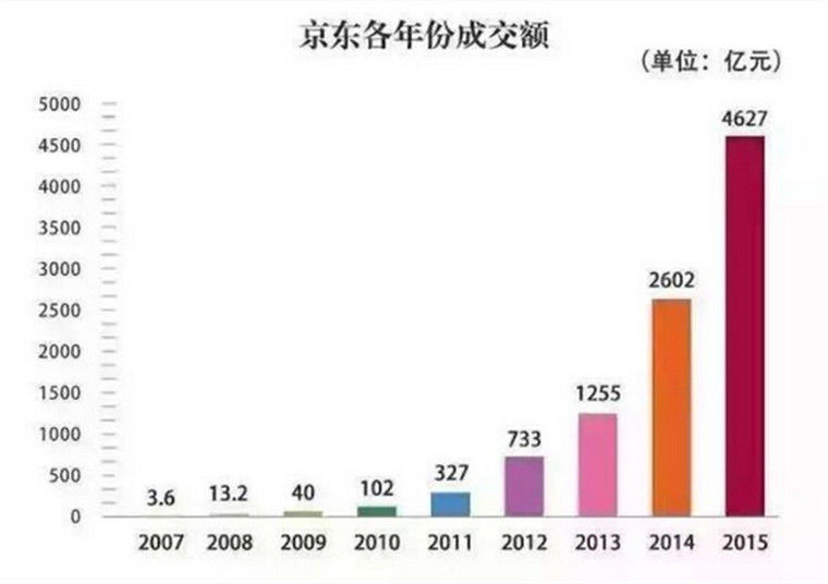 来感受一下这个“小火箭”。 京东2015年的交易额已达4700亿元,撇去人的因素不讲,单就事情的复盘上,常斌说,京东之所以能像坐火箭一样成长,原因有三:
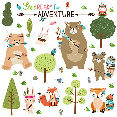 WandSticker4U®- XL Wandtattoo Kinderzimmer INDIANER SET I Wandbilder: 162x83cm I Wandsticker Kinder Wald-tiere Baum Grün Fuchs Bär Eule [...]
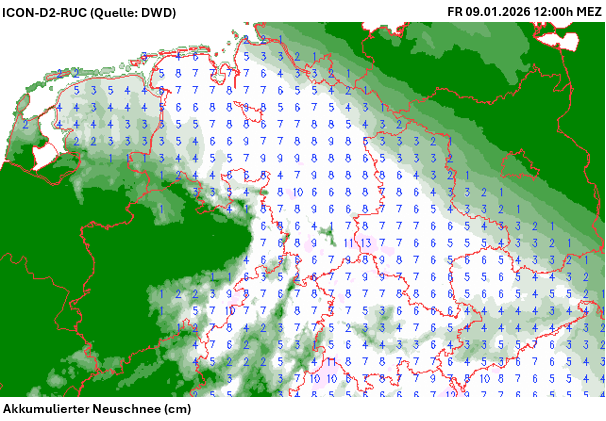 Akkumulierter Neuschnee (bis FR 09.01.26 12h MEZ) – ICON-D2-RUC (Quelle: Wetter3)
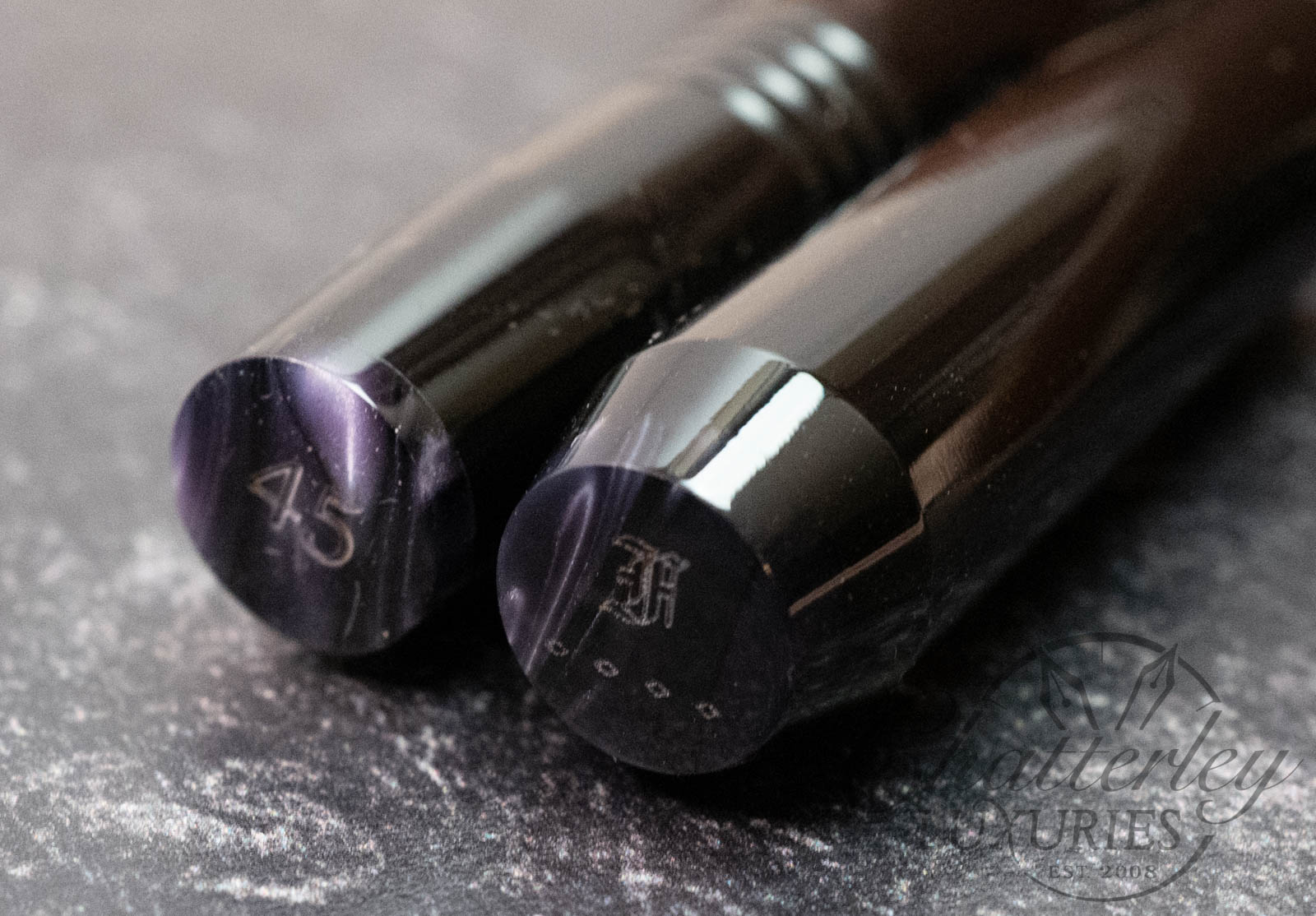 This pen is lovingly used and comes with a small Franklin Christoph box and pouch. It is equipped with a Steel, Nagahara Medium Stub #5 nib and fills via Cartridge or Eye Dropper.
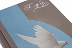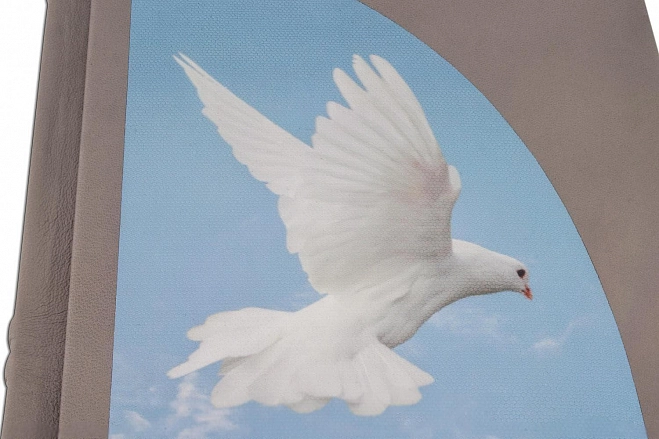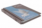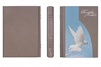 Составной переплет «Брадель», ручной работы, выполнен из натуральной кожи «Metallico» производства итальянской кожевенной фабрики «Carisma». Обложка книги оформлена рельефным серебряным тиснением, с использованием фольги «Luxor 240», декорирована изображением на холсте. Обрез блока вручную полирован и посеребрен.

Task requirements>
Quote only what lies between the first line of the records and the line containing "Akkumulierter Neuschnee (bis", please, including both lines and excluding images.

Result of this exercise>
 来感受一下这个“小火箭”。 京东2015年的交易额已达4700亿元,撇去人的因素不讲,单就事情的复盘上,常斌说,京东之所以能像坐火箭一样成长,原因有三:
 WandSticker4U®- XL Wandtattoo Kinderzimmer INDIANER SET I Wandbilder: 162x83cm I Wandsticker Kinder Wald-tiere Baum Grün Fuchs Bär Eule [...]
 Akkumulierter Neuschnee (bis FR 09.01.26 12h MEZ) – ICON-D2-RUC (Quelle: Wetter3)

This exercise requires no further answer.